Delon hanya tersenyum kecil dengan matanya yang masih menatap Sakura dengan lekat. Delon bersyukur karena setidaknya Sakura juga tidak menolak kartu nama yang dia berikan. Walaupun Sakura masih tetap menolak tumpangan yang dia tawarkan.
***
Sakura berjalan pelan menyusuri bahu jalan. Tangan kirinya menenteng plastik dengan cap sebuah minimarket yang tidak asing didengar oleh orang Indonesia. Sakura berjalan dengan santai dan tenang. Raut wajahnya juga terlihat lebih bercahaya. Bibir yang biasanya cemberut kini tertarik ke atas membentuk sebuah senyuman.
Mobil jazz merah berhenti di samping Sakura. Sakura yang sudah hafal dengan mobil itu langsung menyunggingkan senyumnya. Kaca jendela mobil terbuka memperlihatkan laki-laki tampan dengan kacamata hitam. Sakura berdecak kagum melihat ketampanan laki-laki itu.
"Masuk yuk." Ajak laki-laki yang ada di dalam mobil itu.
Sakura menganggukkan kepalanya dan langsung masuk ke dalam mobil. Laki-laki itu juga yang sebenarnya akan dia temui, tapi malah sekarang mereka bertemu dijalan.
"Aku kira kamu sudah disana." Kata Sakura membuka obrolan.
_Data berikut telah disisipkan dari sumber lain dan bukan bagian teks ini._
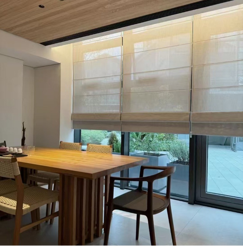 中古风亚麻罗马帘窗帘遮光卧室阳台智能纱帘手动电动遮阳平叠卷帘
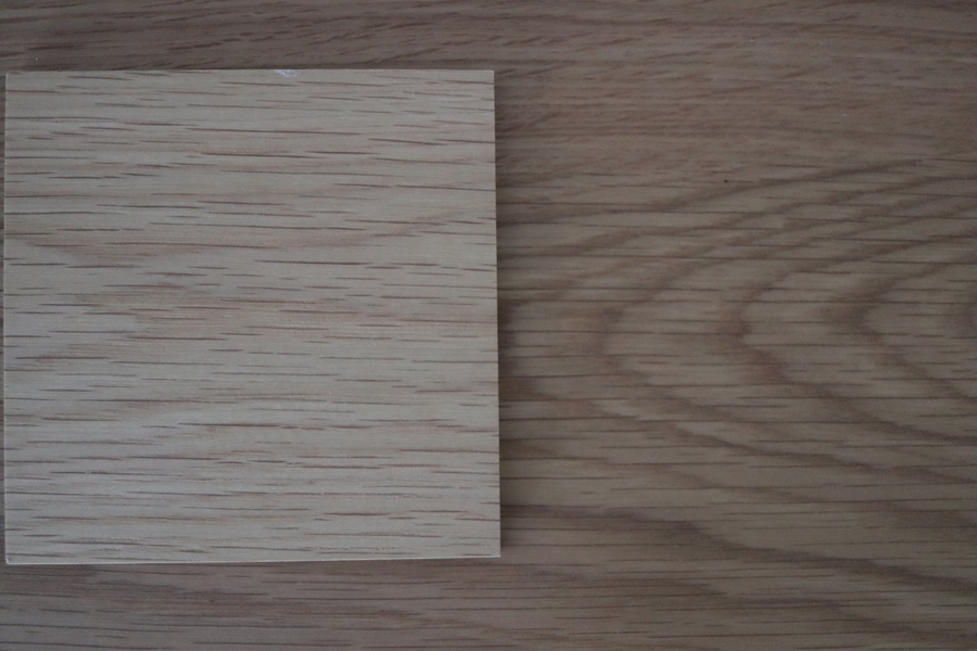 突板仕上げの場合は、表面にシートを張り付けるため、角は直角にしか仕上げられません。
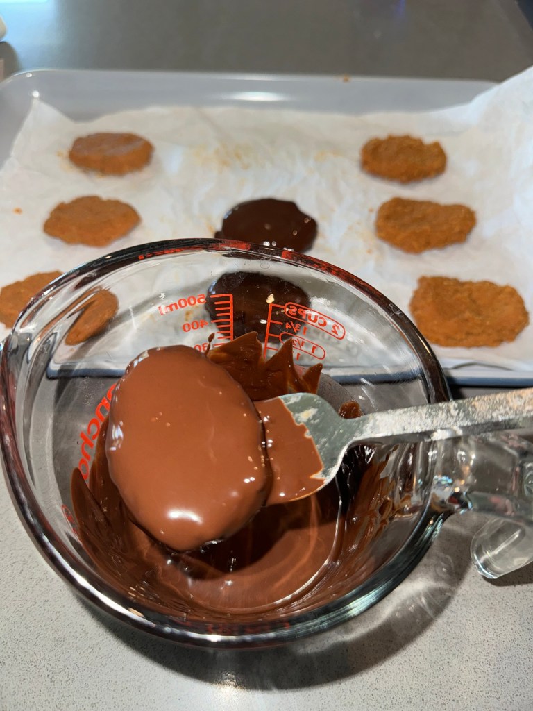 After the dough eggs have cooled in the refrigerator, use a fork to dip them into the melted dark chocolate. Once all eggs are covered in chocolate return to the fridge for about 2 hours.
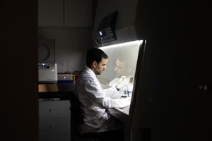 (250502) -- PILAR, 2 mayo, 2025 (Xinhua) -- Imagen del 24 de abril de 2025 del biólogo molecular Juan Ignacio Bastón cambiando de medio a cultivos de biopsias de dermis en una cabina de flujo laminar en el laboratorio de embriología de la empresa argentina Kheiron Biotech, en la ciudad de Pilar, Argentina. La clonación y la edición genómica amplían las fronteras del potencial deportivo de ejemplares equinos en Argentina, lo que no solo impulsa mejoras generacionales de caballos vinculados a ámbitos como el polo, sino que también potencia las exportaciones del sector biotecnológico del país, según expertos en la materia. (Xinhua/Martín Zabala) (mz) (oa) (ra) (vf)
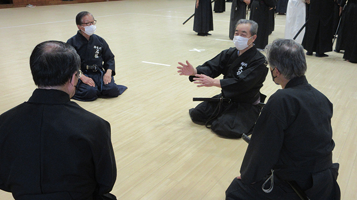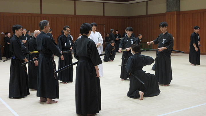八段受審班においては、中段の構えの下半身の作用、切り下ろしの手の内の作用、血振りの手の内の作用、納刀の手の内等、細部の意思統一を図りました。
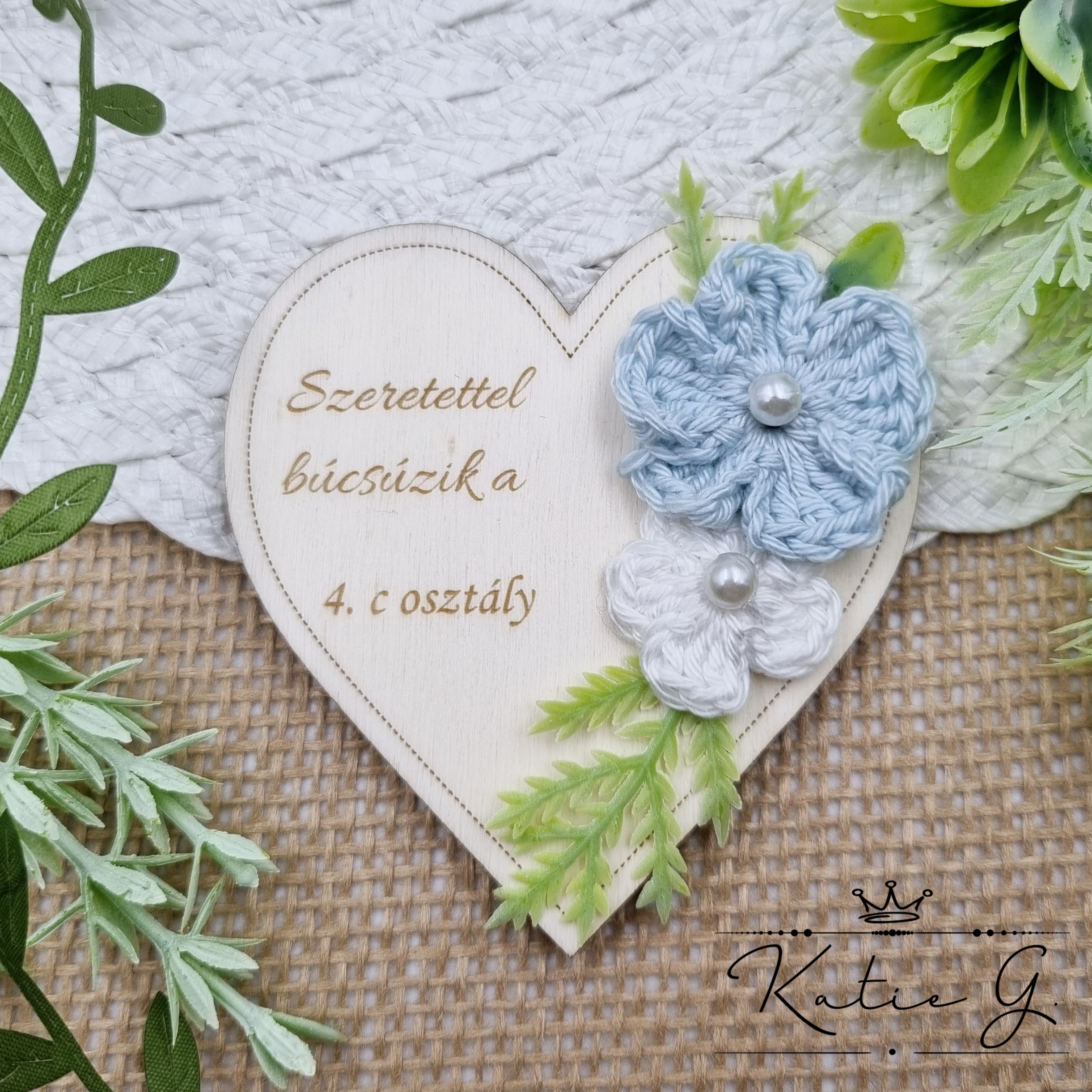 Kezdőlap » Ajándék óvó néninek » Gravírozott fa hűtőmágnes egyedi felirattal, horgolt virágokkal (20 féle szín)
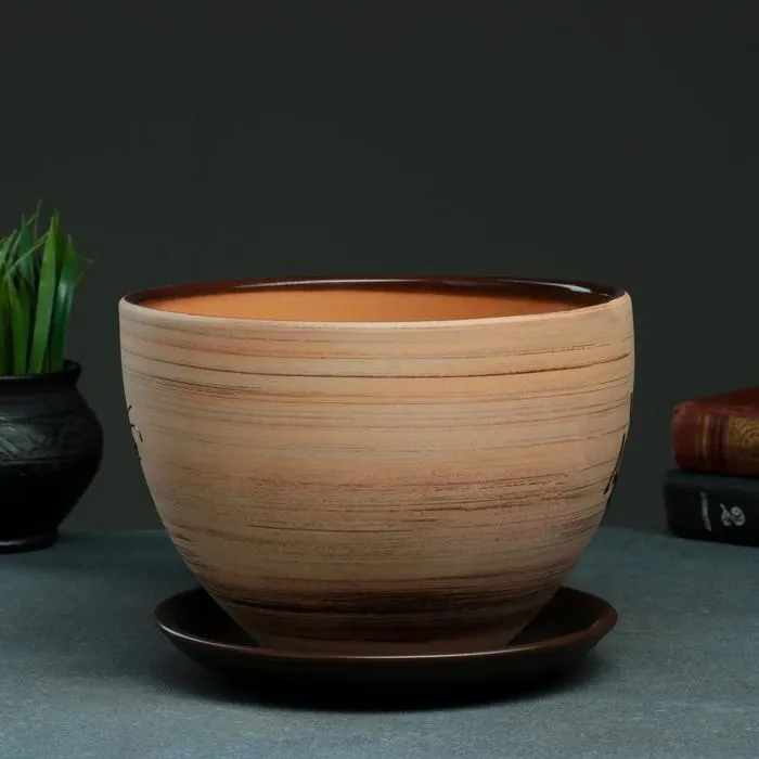 Горшок цветочный с поддоном №4, алебастр, рубин, 2 л
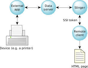 For example, you can write an application that monitors a printer and uses Slinger to update a remote client that displays the printer's status:
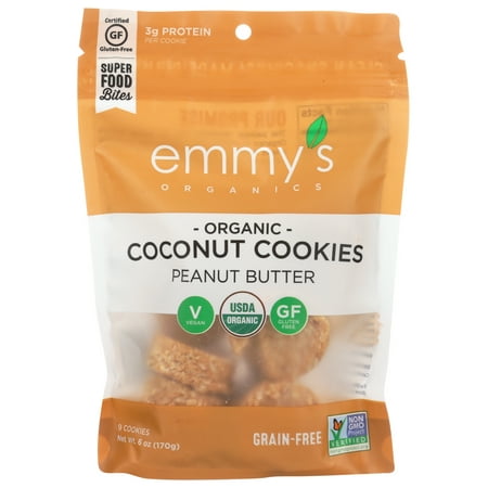 Emmy's Organics Peanut Butter Coconut Cookies - Case of 8/6 oz

"Ada kerjaan mendadak tadi, aku selesaikan dulu." Jawab Pandu sambil tersenyum.
"Sekarang sudah selesai?" Tabya Sakura memastikan. Dia tidak ingin Pandu ditegur atasannya karena pekerjaannya belum selesai.
"Sudah." Jawab Pandu lembut.
"Oh iya aku tadi beli es krim. Kamu mau?" Kata Sakura sambil menunjukkan plastik yang dia bawa.
"Nanti aja, aku masih nyetir." Jawab Pandu pelan.
"Aku bantuin makan." Kata Sakura dengan semangat. Dia membuka es krim itu dan mulai menyuapi Pandu. Awalnya Pandu ragu namun akhirnya dia membuka mulutnya juga.
Sakura tertawa melihat bibir Pandu yang sengaja dia kotorin dengan es krim. Pandu hanya tertawa tanpa marah, dia mengambil tisu dan mengusapnya hingga bersih.
"Nggak usah rese." Kata Pandu sambil tertawa.
Suasana mobil terasa begitu ramai. Interaksi antara Sakura dan Pandu sangat hangat. Candaan mereka memenuhi ruangan mobil. Hubungan mereka memang hanya sebatas teman namun perasaan mereka seakan-akan mengungkapkan ketertarikan satu sama lain. Hanya saja salah satu diantara mereka tidak ada yang berani untuk memulai terlebih dahulu.